On January 30th, Iraqis will vote to choose two-hundred-seventy-five members of a national assembly. More than two-hundred political parties are already registered. United Nations monitors are in Iraq to prepare for the election.
Once elected, the national assembly will draft a new constitution. Voters will return to the polls later in 2005 to vote on the document. Salama al-Khafaji, a member of the interim National Council, says, "Having elections in Iraq is very important, and having them on time is also...important."
Terrorist attacks continue in parts of Iraq. But the insurgency will not disrupt the election process. Farid Ayar, a spokesman for Iraq's electoral commission, says, "No Iraqi province will be excluded because the law considers Iraq as one constituency, and therefore, it is not legal to exclude any province." The commission has begun a campaign to inform Iraqis about the election process and encourage them to vote.
President George W. Bush says that the elections are an important step forward:
"The United States of America will stay the course and we will complete the task. We will help Iraq develop a democracy and the world will be better off for it. Free societies don't attack each other. Democracies listen to the aspirations of their people, not feed hatred and resentment and future terrorists."
Khalood al-Zayadi is a thirty-year-old woman who works at an Iraqi newspaper.
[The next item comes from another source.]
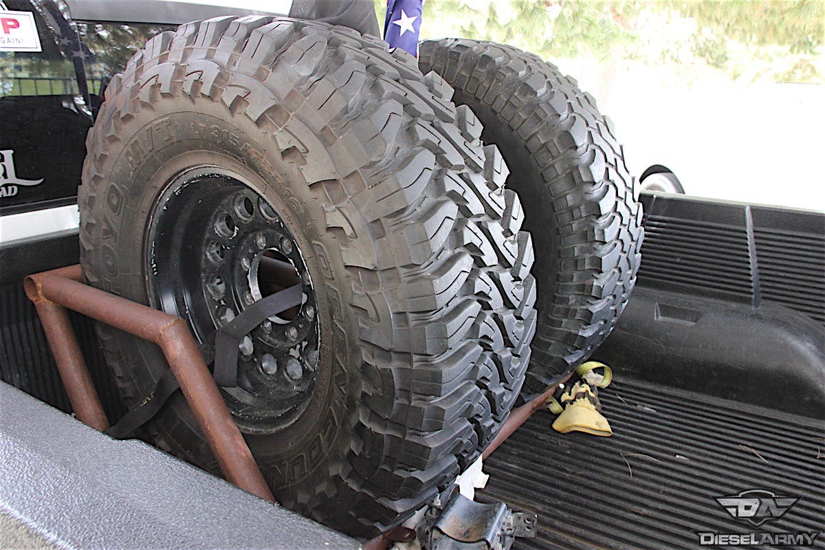Packing some meaty 37-inch Toyo Open Country M/Ts, the pickup had the off-road look down pat. This was helped by a custom-built tire cage in the bed and Rancho shocks on all fours. We also noticed a PureFlow AirDog device stuffed under the driver’s side undercarriage, indicating this owner was aware of fueling issues and wanted them taken care of.

She says that almost everyone in Iraq wants the election:
"Many things change. Maybe the government changes. Maybe the leader of Iraq change[s]. Maybe laws of Iraq will change. Many, many things will be changed."
"At every stage in this process of establishing self-government, the Iraqi people and their leaders have met the schedules they set, and have overcome their challenges with confidence," says President Bush. And, "they will continue to do so."